▸ **TASK STATEMENT**
Pictures stay out; everything else from the first line of the entries down through the line with "Deux pièces ajourées, à" gets copied exactly.
**** DATASET EXCERPTS ****
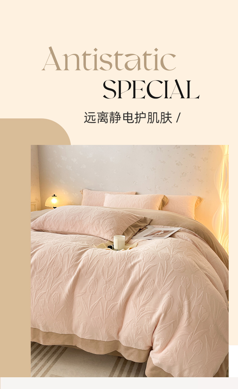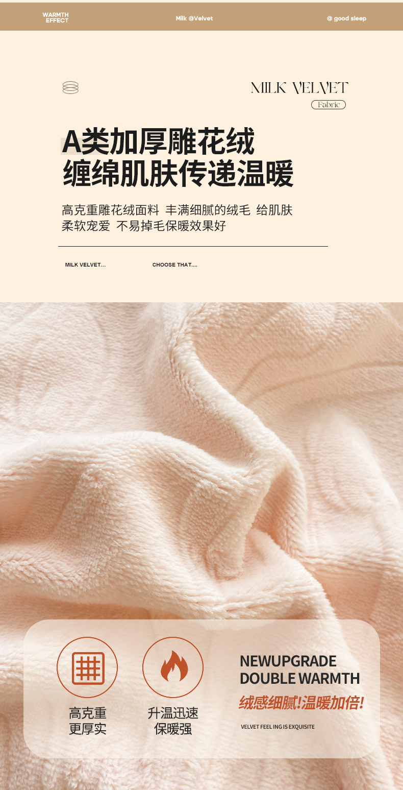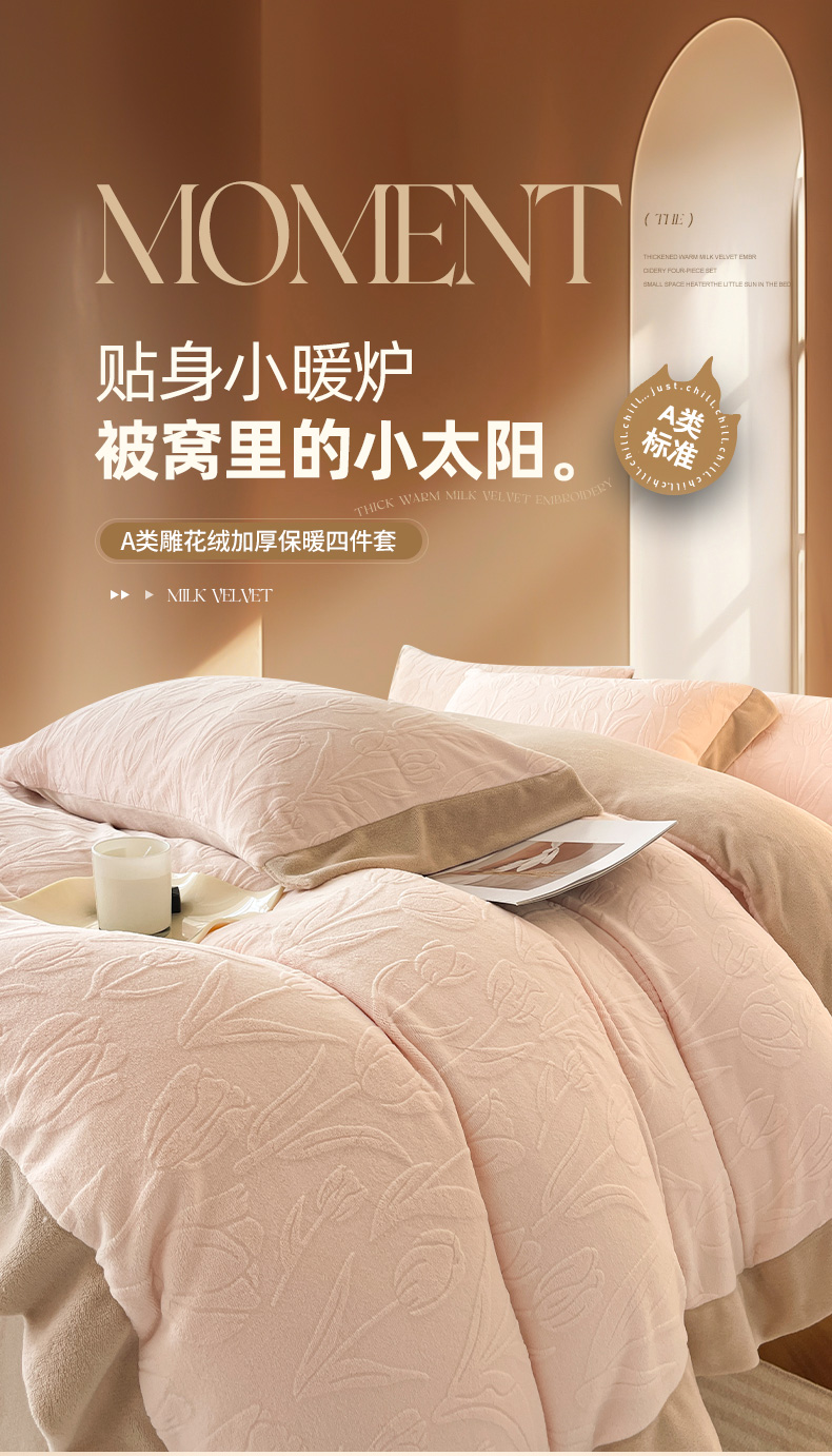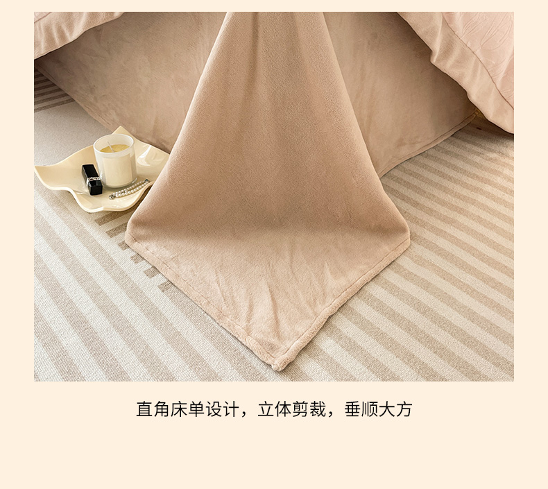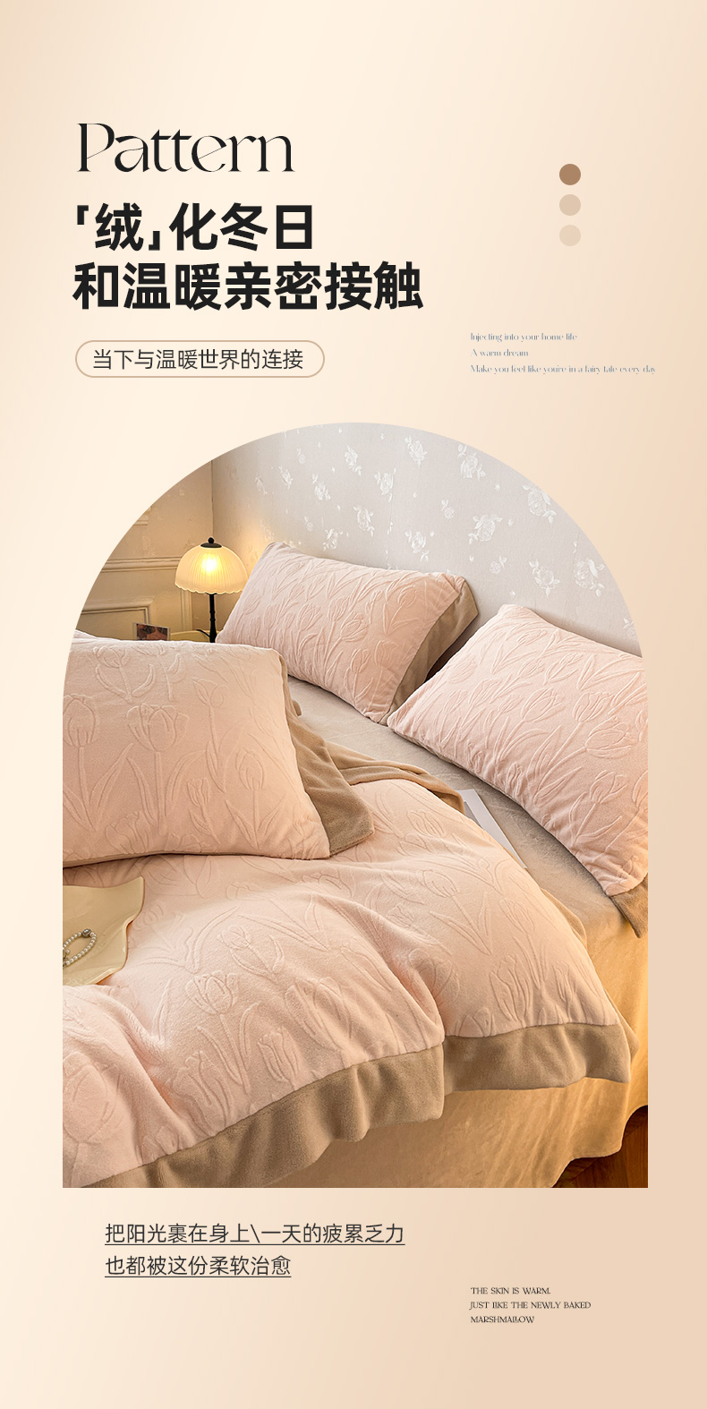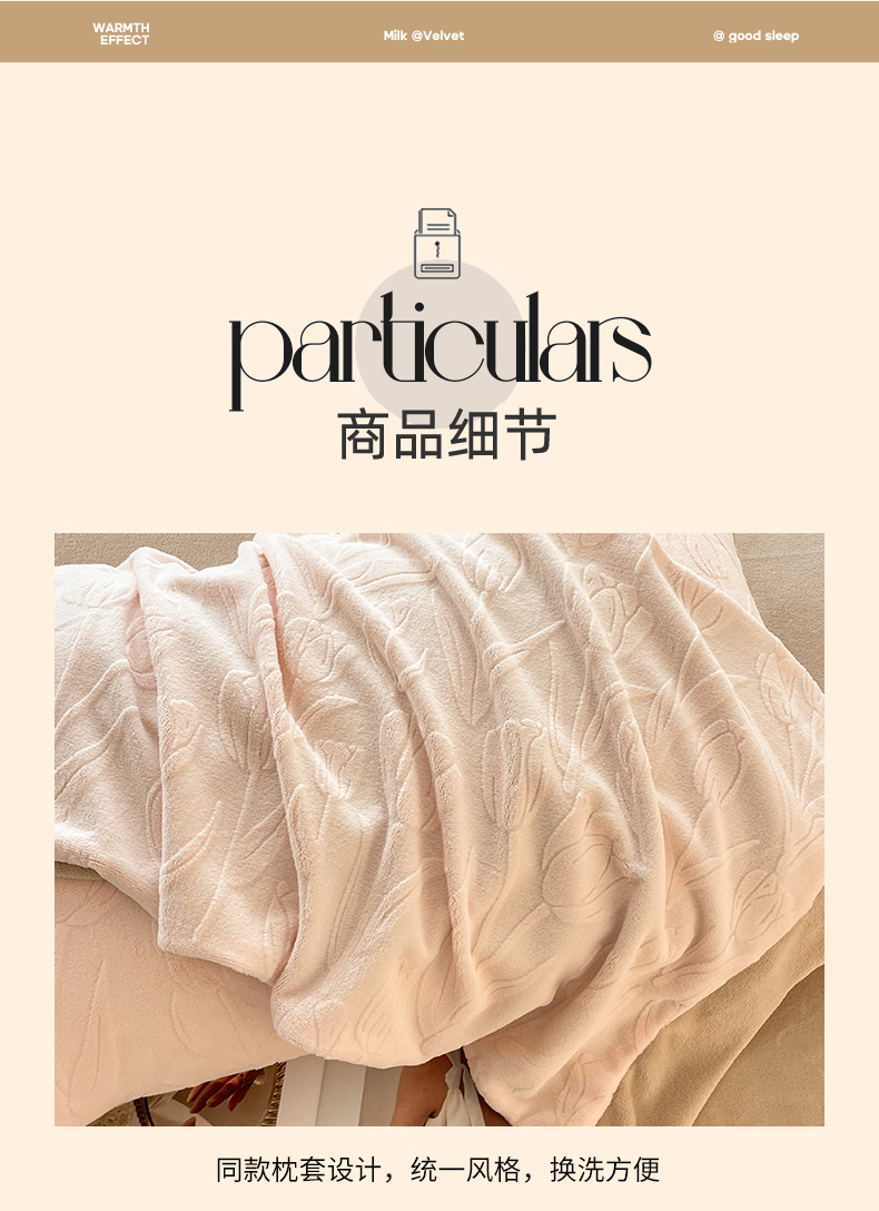 商品名称: 2024秋冬款9斤重高级感雕花牛奶绒四件套加厚珊瑚绒加绒被套床单床笠床上用品-郁金秘语 白桃色
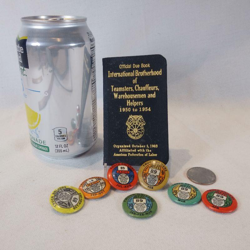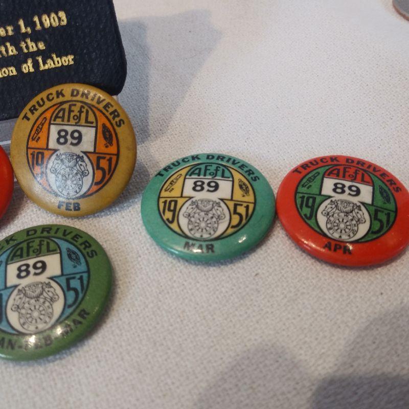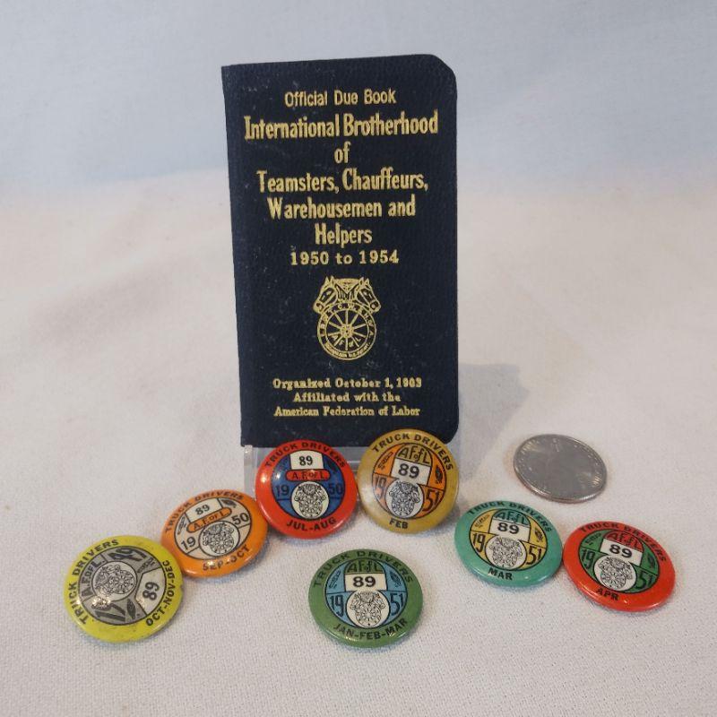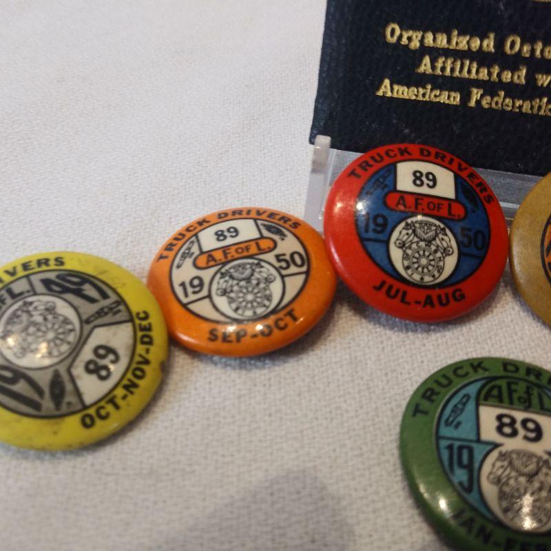 The American Foundation of Labor Chauffeurs Pins and Membership Book. This lot of 7 pins are from 1950 and 1951. All are in very good condition. We know that people collect everything - if this is your thing then this is a rare find for you. Reserve Price $10.
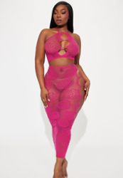 Deux pièces ajourées, à grandes broderies, dans un rose vif magnifique.
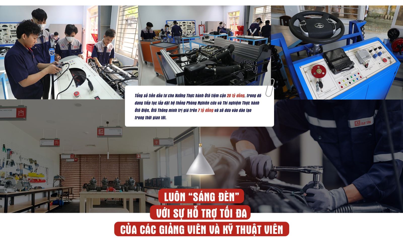 Giúp sinh viên dễ dàng tiếp thu kiến thức lý thuyết cũng như thành thạo các kỹ năng thực hành đáp ứng được những yêu cầu thực tế của công việc sau khi sinh viên tốt nghiệp ra trường, Xưởng Thực hành Ôtô DTU luôn “sáng đèn” với sự hỗ trợ tối đa của các giảng viên và kỹ thuật viên. Mỗi phòng Lab luôn có các thầy cô từ các hãng Mitsubishi Đà Nẵng, ThaCo Trường Hải, Toyota, Ôtô Tiến Thu,… thường xuyên được mời đến Xưởng Thực hành Ôtô DTU để giảng dạy, nâng cao năng lực thực hành, giúp mỗi sinh viên theo học ngành Công nghệ Kỹ thuật Ôtô luôn vững tin sẽ trở thành một kỹ sư giỏi để phát triển sự nghiệp ở tương lai.
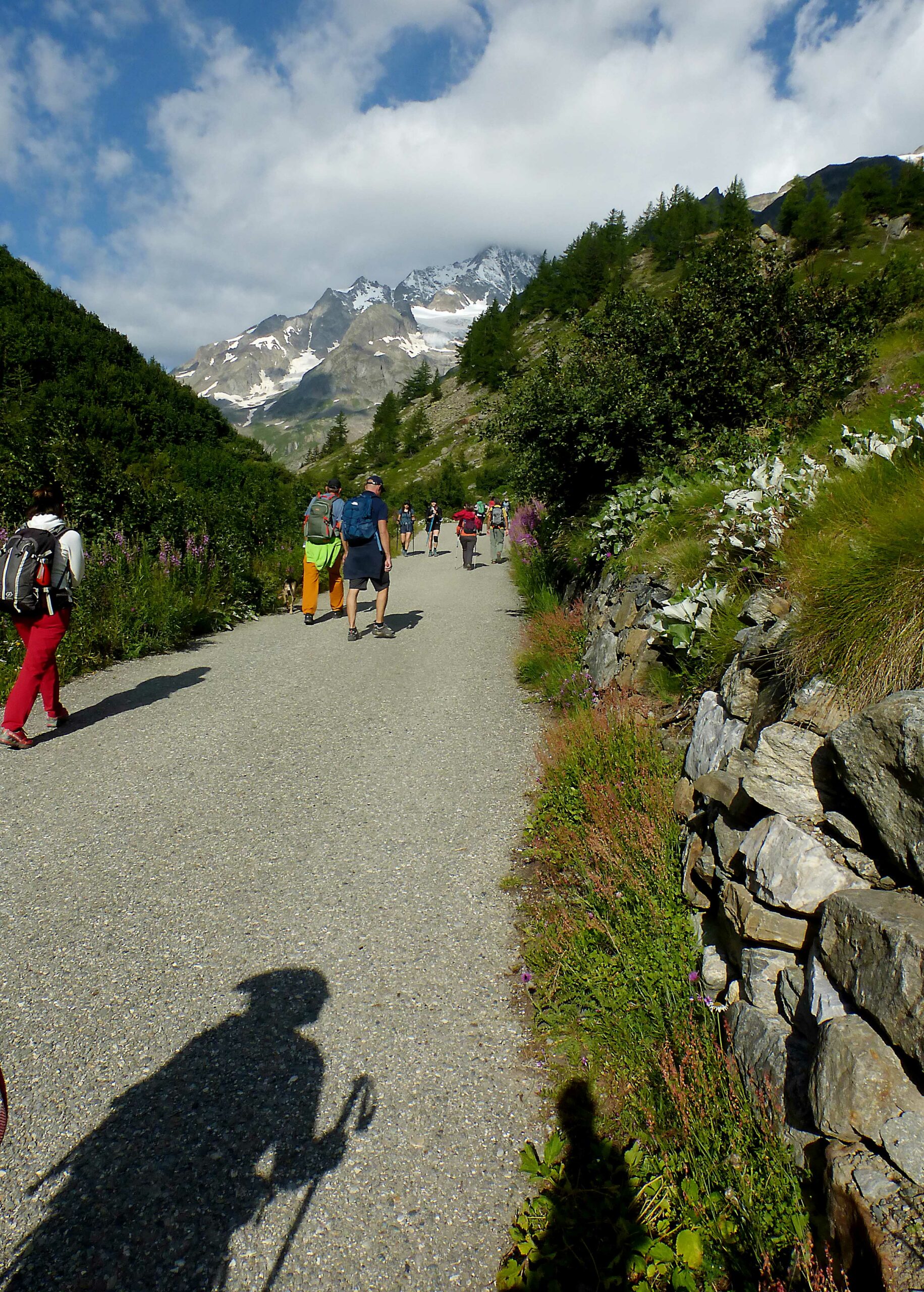 Infine rientro al rifugio su largo sentiero del tour di Mont Blanc da abbandonare, salendo verso sx in vista dell’Elisabetta.
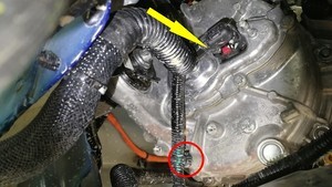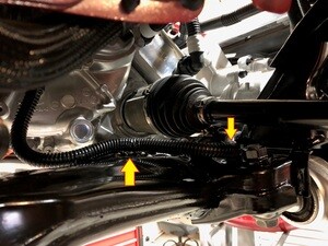 - Release the clips (x2) that attach the front drive unit harness in front of the front subframe.
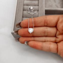 Colar coração cravejado com zircônia coração passante 8mm 45cm | Mya Prata
****
▸ **RESPONSE AREA**
 商品名称: 2024秋冬款9斤重高级感雕花牛奶绒四件套加厚珊瑚绒加绒被套床单床笠床上用品-郁金秘语 白桃色
 The American Foundation of Labor Chauffeurs Pins and Membership Book. This lot of 7 pins are from 1950 and 1951. All are in very good condition. We know that people collect everything - if this is your thing then this is a rare find for you. Reserve Price $10.
 Deux pièces ajourées, à grandes broderies, dans un rose vif magnifique.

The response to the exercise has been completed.